BEGIN Information provided

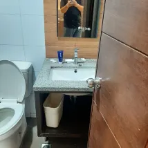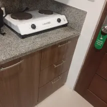 i suggest to improve cleanliness sa room especially sa cr and kitchen cabinets.. yung mga gamit for cooking and dining should be complete before guest enter sana..
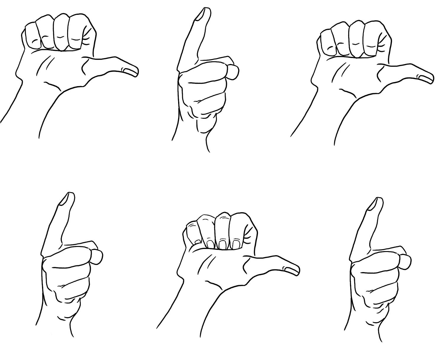 Выполняем сначала правой рукой: пальцы зажаты в кулак, большой палец в сторону – это поза 1. Поза 2 – пальцы зажаты в кулак, указательный наверх. И смена поз 1 и 2.
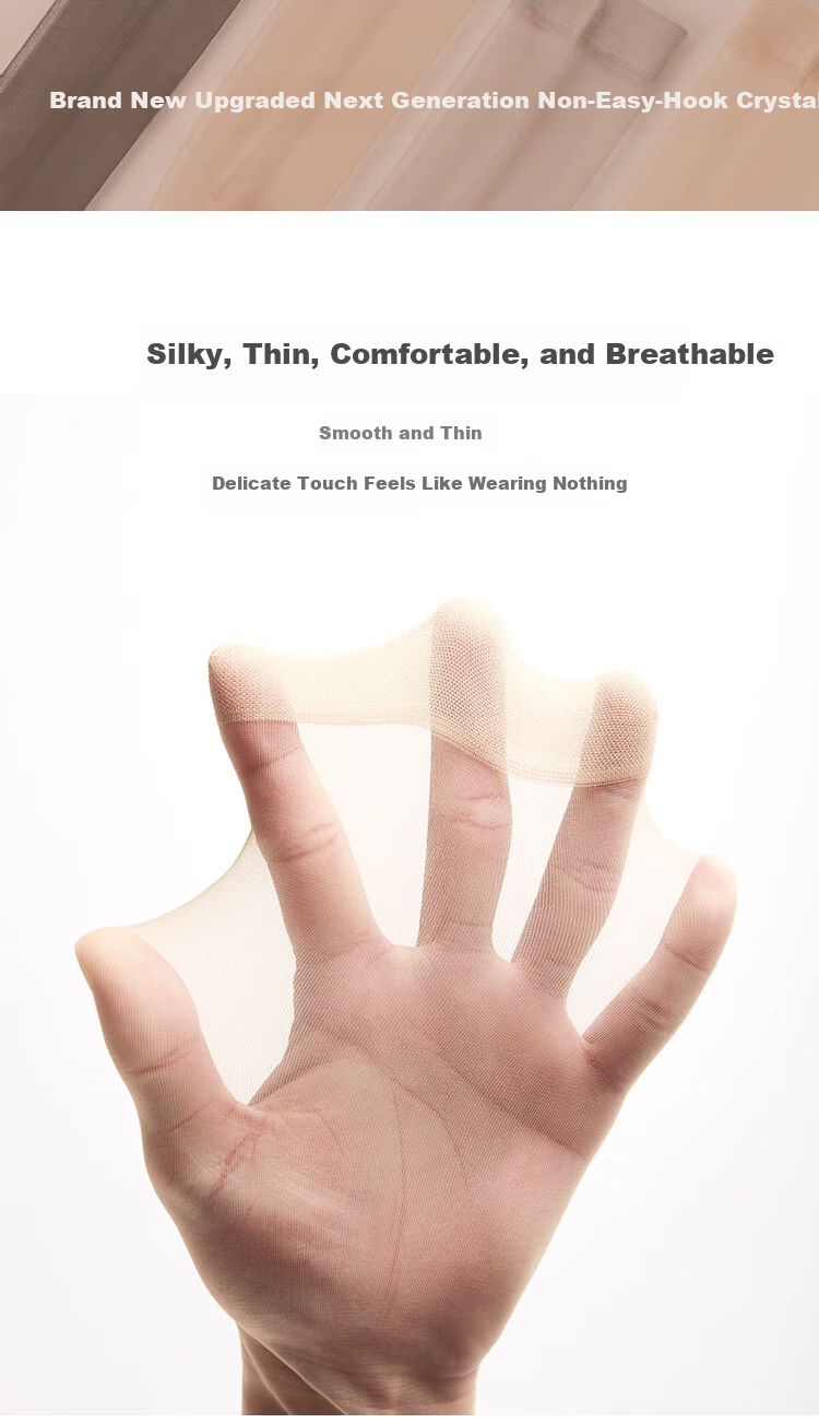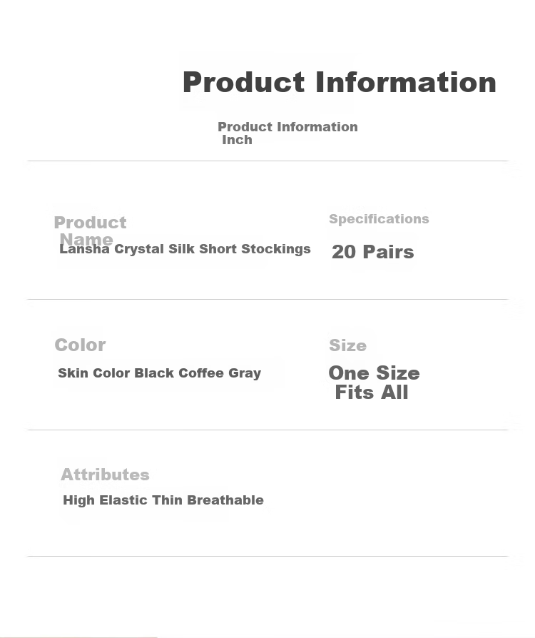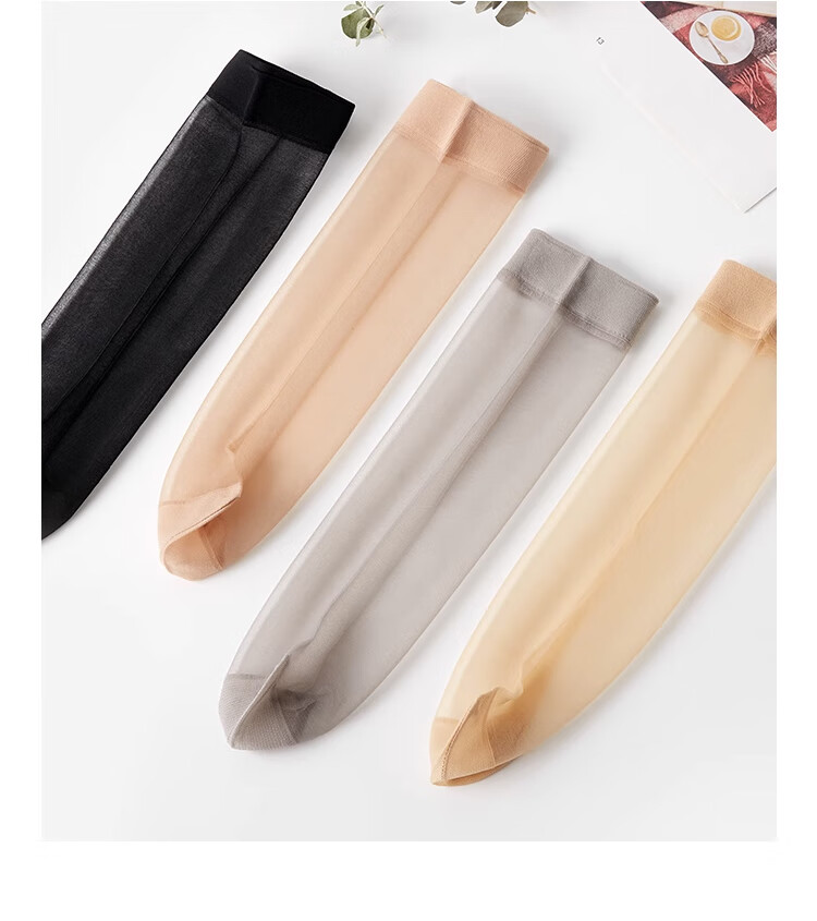Description: These crystal sheer short stockings are durable, breathable, abrasion-resistant, and comfortable. They are designed to be high elasticity and resistant to snagging. The fine texture of the soft crystal silk fabric provides a delicate and comfortable touch. The high elasticity ribbed cuff is finely stitched to prevent slipping and tightness.
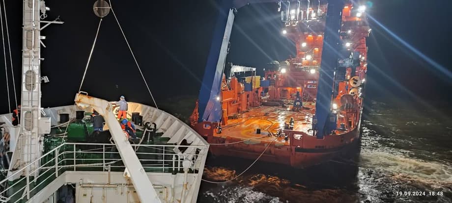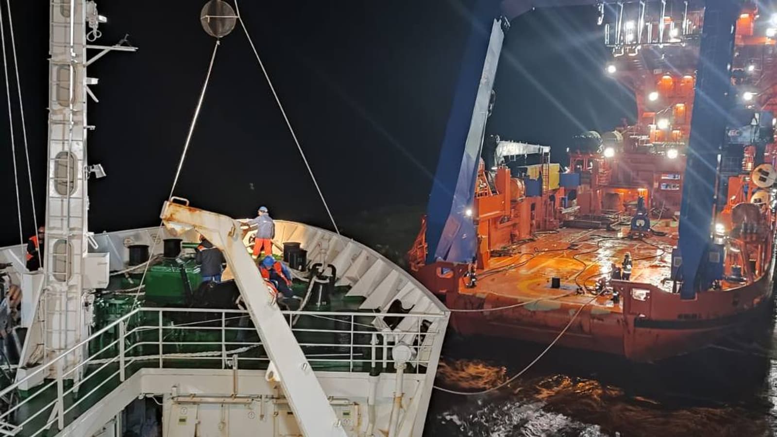 Благодаря слаженным действиям экипажа обоих судов, в суровых морских условиях закрепление троса прошло успешно, и уже в 20:00 караван начал движение в направлении порта Мурманск. На данный момент скорость движения судна 4-5 узлов.
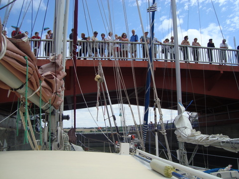 Samen met twee andere zeiljachten kijken we toe, hoe de sluisdeuren open gaan en een groot aantal zeil- en motorjachten de sluiskolk uitvaren. Ondertussen staat de sluismeester ons met een megafoon toe te roepen. Voor ons onverstaanbaar, maar onze buurman zegt dat wij aan bâbord aan moeten leggen. Prima, dat hebben we ook het liefste. De sluismeester neemt de landvast aan en neemt ons mee tot nagenoeg tegen de brug, die over de sluiskolk ligt. Verder kunnen we niet. Voor ons, achter de brug, is nog een derde van de kolk leeg. Achter ons blijken steeds meer jachten binnen te komen. Twee motorjachtjes passen onder de brug door. Ieder jacht wordt door de sluismeester naar zijn plek gedirigeerd, waarbij hij er voor zorgt dat er geen centimeter onbenut blijft. Als wij twee zeiljachten naast ons krijgen is de doorgang naar voren geblokkeerd en blijft het onder en achter de brug verder leeg. Na twee uur passen en meten is de kolk helemaal vol, maar er liggen nog steeds een aantal jachten voor de sluis. Via de megafoon krijgen ook zij instructies. Dan gaat de brug open, en gaan wij naar de lijnen om het schutten af te wachten. Tot onze verbazing zijn de sluisdeuren nog dicht, als de sluismeester ons duidelijk maakt dat we los moeten maken. Hij begint aan de voorste lijn te trekken, maar dat heeft weinig effect. We starten snel de motor en helpen maar een beetje. Met onze buren langszij varen we nu door de brug tot aan de sluisdeuren en moeten daar weer vastmaken. Hé, de deuren aan de andere kant staan nog open! Zou de hele volle kolk…. Ja hoor, dat is de bedoeling: iedereen naar voren zodat er achter nog een paar jachten bij kunnen. Maar omdat die twee motorbootjes al voorin lagen, past het ineens niet meer en wordt het een leuke bende. Er vallen diverse gaten, bijboten worden niet te passeren obstakels en de sluismeester blijft maar roepen dat iedereen maximaal aan moet sluiten! Als na ruim een half uur er nog een paar jachten bij zijn geperst, de deuren achter dichtgaan en het water stijgt, staat de brug nog steeds open. Even later gaan de sluisdeuren voor ons open en kunnen we verder. Een schutting van bijna drie uur! En wij dachten nog wel dat we het geluk van een snelle doortocht hadden.
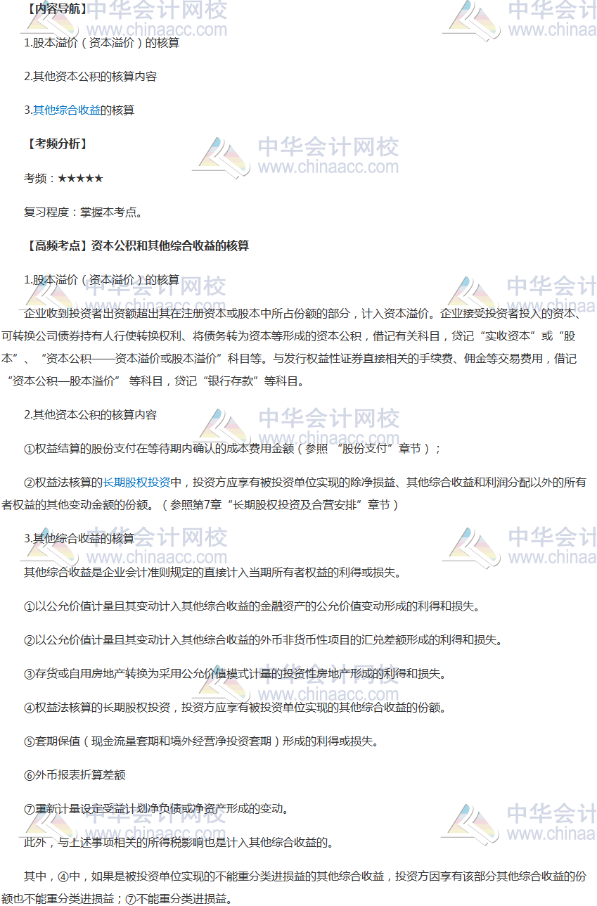 《會計》高頻考點:資本公積和其他綜合收益的核算
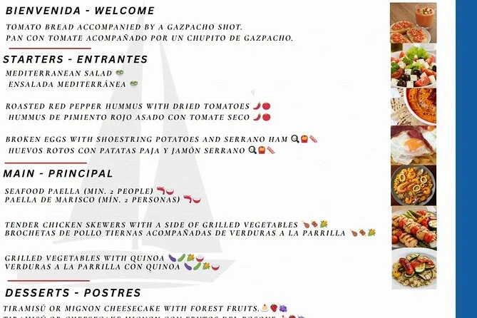 Eravamo solo una decina a bordo — una coppia che festeggiava qualcosa (continuavano a bisbigliare), una famiglia con due bambini che provavano a fare paddle surf (con risultati alterni), e io che mi godevo tutto. Gli snack sono arrivati subito: jamón, manchego, un po’ di hummus con verdure croccanti. Niente di sofisticato ma perfetto dopo una giornata calda in città. Se scegli l’upgrade cena, c’è uno chef che griglia pesce fresco proprio lì — io non l’ho preso stavolta, ma l’odore mi ha fatto pentire subito.
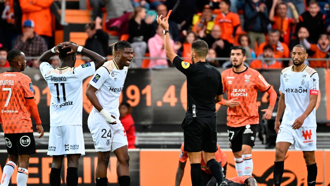 · French Ligue 1Lorient miss out on top spot after goalless draw with nine-man Reims
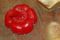 Aus einem Paprika wird eine Form für einen Wandhaken zum Ausgießen mit Epoxyharz abgenommen.
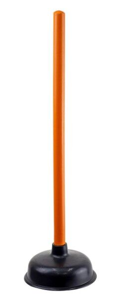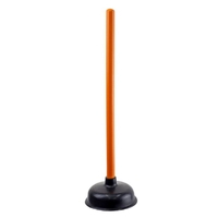 The Kinetic toilet plunger, crafted with a sturdy timber handle and a black rubber head, is engineered to generate a robust vacuum. This potent suction capability effortlessly removes obstructions in toilets.
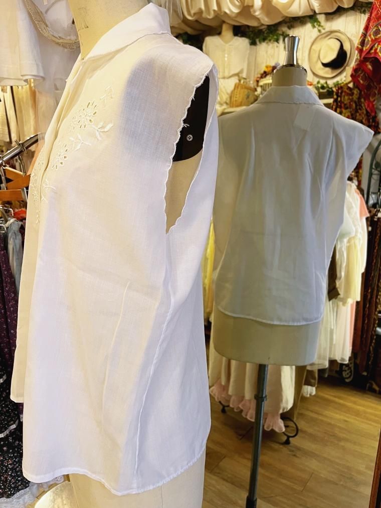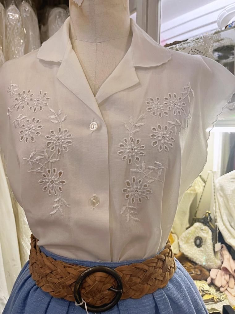 Vintage オープンカラーカットワークレースホワイトブラウス otb2636

END Information provided

- [Directions] Working down from the line with "Aus einem Paprika", copy each line exactly until the last line of the entries, which is also included. Omit the pictures.

- [Result for this exercise]
 Aus einem Paprika wird eine Form für einen Wandhaken zum Ausgießen mit Epoxyharz abgenommen.
 The Kinetic toilet plunger, crafted with a sturdy timber handle and a black rubber head, is engineered to generate a robust vacuum. This potent suction capability effortlessly removes obstructions in toilets.
 Vintage オープンカラーカットワークレースホワイトブラウス otb2636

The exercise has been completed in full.